For δU/δa = 0, we obtain from Eq. 4 the balance of normal forces (11):

$$f_{\text{n}}\left(s\right)=\dot{\psi }\left(s\right)F\left(s\right).$$ (8)

This shows that the normal force per unit length f_n arises from the interplay of curvature and shear. For δU/δψ = 0, Eq. 3 provides an equation that describes force-balanced filament shapes.

In the following, we consider the limiting case where the normal springs are stiff (k_n large) and consequently a(s) = a₀. In this limit, the normal force f_n(s) plays the role of a Lagrange multiplier to impose the constraint of fixed interdoublet spacing. Integrating Eq. 3 for δU/δψ = 0 and with boundary conditions corresponding to no external torques (C(L) = 0, see Appendix A), we obtain the moment balance κC(s) = a₀F(s). Substituting this into Eq. 6 we obtain the normal force

$$f_{\text{n}}\left(s\right)=\kappa C{\left(s\right)}^2/a_0.$$ (9)

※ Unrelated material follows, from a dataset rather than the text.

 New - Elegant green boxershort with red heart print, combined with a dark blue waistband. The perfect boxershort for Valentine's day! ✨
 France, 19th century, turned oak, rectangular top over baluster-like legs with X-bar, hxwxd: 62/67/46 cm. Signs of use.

Because f_n(s) is always positive, curvature always tends to separate the two filaments.

Experimental Procedure

Chlamydomonas reinhardtii cells (CC-125 wild-type mt+ 137c, given to R. P. Levine by N. W. Gillham, 1968) were grown in 2 L TAP+P buffer for three days under conditions of constant illumination (2 × 75 W fluorescent bulb) and air bubbling at 24°C to a final density of 10⁶ cells/mL (14). Flagella were isolated using dibucaine (15). Purified flagella were then resuspended in HMDEK (30 mM HEPES-KOH, 5 mM MgSO₄, 1 mM DTT, 1 mM EGTA, and 50 mM potassium acetate, pH 7.4) and demembranated with $0.1\%$ (v/v) Igpal. All reagents were purchased from Sigma Aldrich (St. Louis, MO). The membrane-free axonemes were then resuspended in HMDEKP/HMDEK plus $1\%$ (w/v) polyethylene glycol (molecular mass 20 kDa) with $30\%$ sucrose and stored at −80°C. After thawing at room temperature, the axonemes were kept on ice and used for up to 4 h.

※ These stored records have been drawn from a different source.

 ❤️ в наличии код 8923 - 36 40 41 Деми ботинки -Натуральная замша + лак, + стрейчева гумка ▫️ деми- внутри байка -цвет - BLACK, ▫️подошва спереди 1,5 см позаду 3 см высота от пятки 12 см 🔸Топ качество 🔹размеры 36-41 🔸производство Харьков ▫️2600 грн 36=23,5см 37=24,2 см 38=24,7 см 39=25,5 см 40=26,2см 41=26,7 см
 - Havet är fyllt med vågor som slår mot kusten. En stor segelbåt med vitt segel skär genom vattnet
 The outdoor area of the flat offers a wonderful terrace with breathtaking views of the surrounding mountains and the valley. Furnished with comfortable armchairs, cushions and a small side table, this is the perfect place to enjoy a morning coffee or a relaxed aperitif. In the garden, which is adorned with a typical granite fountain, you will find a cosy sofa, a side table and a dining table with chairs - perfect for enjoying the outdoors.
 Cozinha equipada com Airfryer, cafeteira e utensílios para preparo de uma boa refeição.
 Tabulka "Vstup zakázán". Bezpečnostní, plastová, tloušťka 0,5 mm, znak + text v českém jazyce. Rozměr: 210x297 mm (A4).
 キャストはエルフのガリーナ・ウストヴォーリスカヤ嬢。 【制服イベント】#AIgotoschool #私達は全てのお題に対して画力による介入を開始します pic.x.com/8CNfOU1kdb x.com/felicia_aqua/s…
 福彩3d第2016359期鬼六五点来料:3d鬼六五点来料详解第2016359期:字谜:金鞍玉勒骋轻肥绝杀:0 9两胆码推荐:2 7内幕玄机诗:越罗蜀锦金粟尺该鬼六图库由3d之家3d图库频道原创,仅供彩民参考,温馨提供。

Disintegration assays were performed in flow chambers of depth 100 μM built from cleaned glass and double-sided sticky tape (14). Thawed axonemes, diluted in HMDEKP, were infused into the chamber and allowed to adhere to the glass surface. Disintegration solution (HMDEKP augmented with 100 μM ATP, 0.1 μg/mL subtilisin, 10 units/mL creatine kinase, 6 mM creatine phosphate, 1.3 mM CaCl₂) was then applied for 10 min. After axoneme disintegration, the channel was perfused with reactivation buffer (HMDEKP augmented with 10 μM ATP, 10 units/mL creatine kinase, 6 mM creatine phosphate, 1.3 mM CaCl₂). The concentration of free calcium was 0.29 mM (MAXCHELATOR software package Ver. 2.2b, http://maxchelator.stanford.edu). The creatine-based ATP-regeneration system was used to maintain the ATP concentration.

The disintegrated axonemes were imaged using dark-field microscopy on an inverted Axiovert 200 microscope (Carl Zeiss, Oberkochen, Germany) using a 100× iris objective (NA 0.7–1.3) and a dark-field oil condenser (NA 1.2–1.4). Movies were recorded at a frame rate of 10 fps using an iXon EM-CCD camera (Andor Technology, South Windsor, CT). The filament shape was tracked using custom-built MATLAB software (The MathWorks, Natick, MA). In brief, the filament centerline was obtained by fitting Gaussians to the intensity profile of 250-nm-spaced cross sections perpendicular to the filament. The starting point was chosen to be on the intact base of the split axoneme. The tangent angle was calculated from the slope of the centerline with respect to the horizontal axis of the image.

Results

Observation of circular arcs in split axonemes

Axonemes were isolated from the single-cell alga Chlamydomonas reinhardtii and demembranated as described in Materials and Methods and in Alper et al. (14). Treatment with 0.1 μg/mL subtilisin for 10 min partially disintegrated the axonemes into individual doublets or bundles of doublets, which remained connected at the basal end where the axoneme had been joined to the cell body. The basal end was attached to the coverslip. The length of the disintegrated part varied from 5 to 9 μm.

At low concentrations of ATP (10 μM), pairs of filaments partially associated, and propagated small bending waves toward the basal end as one filament slid along the other (Fig. 2 A, first row, arrows). Similar sliding events were reported by Aoyama and Kamiya (16). We observed a behavior that has not been reported previously: sometimes, the two filaments reassociated with each other along their entire length and bent into a circular arc (Fig. 2 A, second row). The system then became unstable and the filaments separated again. This process could repeat itself several times (see Movie S1 and Movie S2 in the Supporting Material). Note that all the interactions of the filaments including association, bending, and dissociation occur in the plane of the image in a chamber that is ∼100-μm thick, excluding the possibility that the observed arcs are the result of helices in the third dimension flattened by the chamber.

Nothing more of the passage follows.